■ Task statement: Starting at the line that contains "즉, RNA polymerase가" and stopping at the line that contains "男性向けラノベタイトル風あだ名 | 『バチンキーアートオンライン』 |", restate each line of the records below exactly. Omit the pictures.

Top of Data

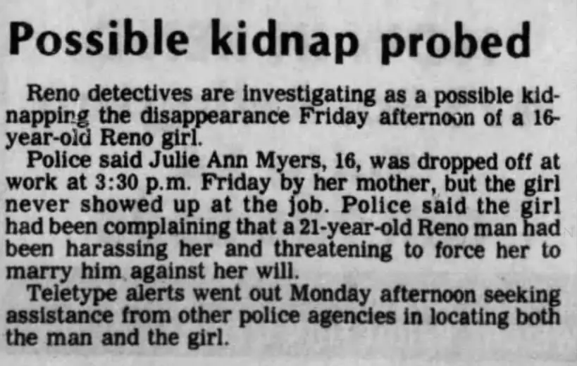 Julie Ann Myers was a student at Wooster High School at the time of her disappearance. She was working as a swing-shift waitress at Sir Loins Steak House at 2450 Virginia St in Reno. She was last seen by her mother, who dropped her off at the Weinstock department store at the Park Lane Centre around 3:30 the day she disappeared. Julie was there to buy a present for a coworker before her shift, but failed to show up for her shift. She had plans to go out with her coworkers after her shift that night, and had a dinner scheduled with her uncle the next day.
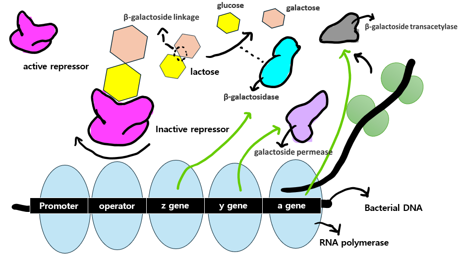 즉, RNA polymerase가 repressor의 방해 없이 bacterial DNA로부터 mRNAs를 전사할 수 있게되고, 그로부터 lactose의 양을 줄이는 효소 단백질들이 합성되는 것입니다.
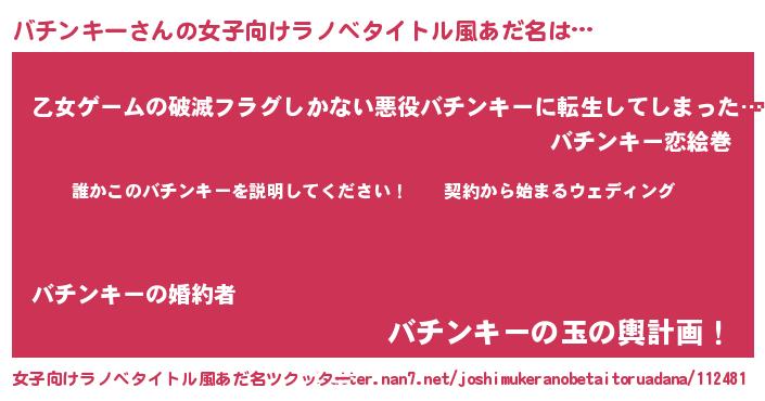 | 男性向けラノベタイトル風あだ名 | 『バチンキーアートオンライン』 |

Bottom of Data
Top of Data

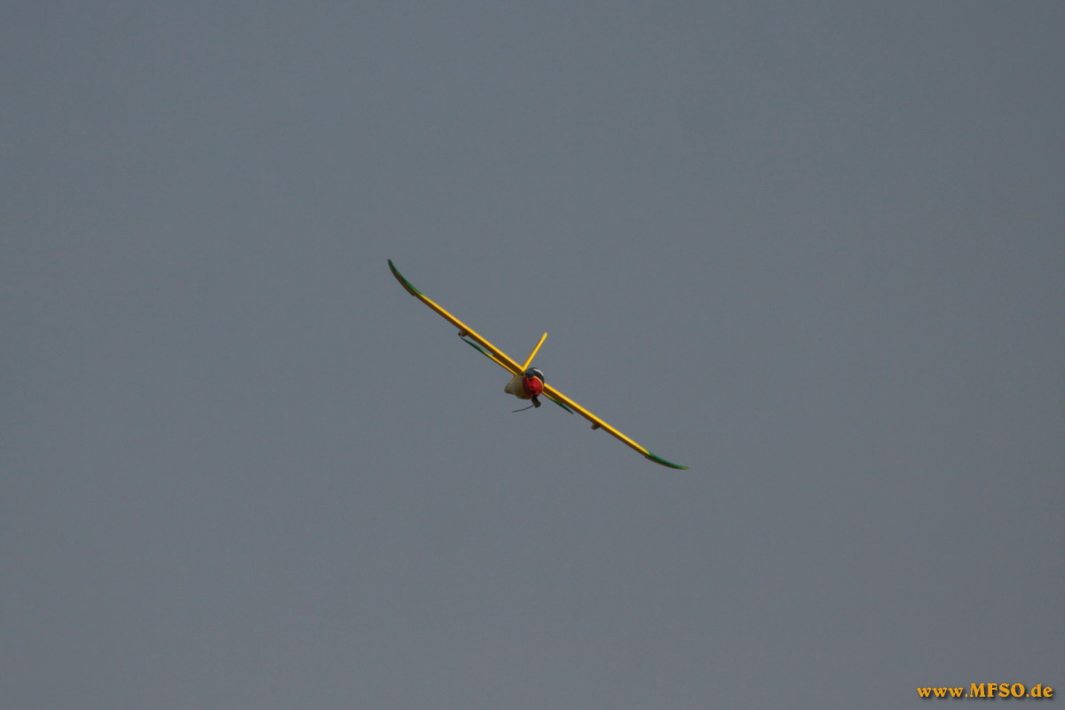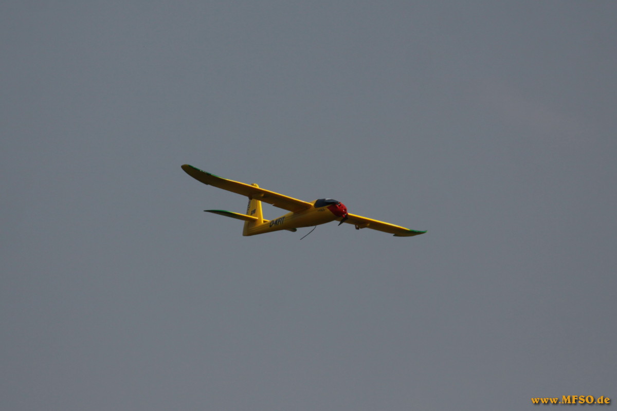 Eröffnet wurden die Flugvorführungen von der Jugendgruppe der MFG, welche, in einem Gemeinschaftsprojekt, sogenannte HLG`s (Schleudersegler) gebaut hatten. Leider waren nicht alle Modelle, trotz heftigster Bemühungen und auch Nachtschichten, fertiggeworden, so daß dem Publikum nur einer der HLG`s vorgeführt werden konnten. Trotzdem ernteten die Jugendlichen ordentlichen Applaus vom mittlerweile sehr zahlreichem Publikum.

Bottom of Data

■ Exercise result:
 즉, RNA polymerase가 repressor의 방해 없이 bacterial DNA로부터 mRNAs를 전사할 수 있게되고, 그로부터 lactose의 양을 줄이는 효소 단백질들이 합성되는 것입니다.
 | 男性向けラノベタイトル風あだ名 | 『バチンキーアートオンライン』 |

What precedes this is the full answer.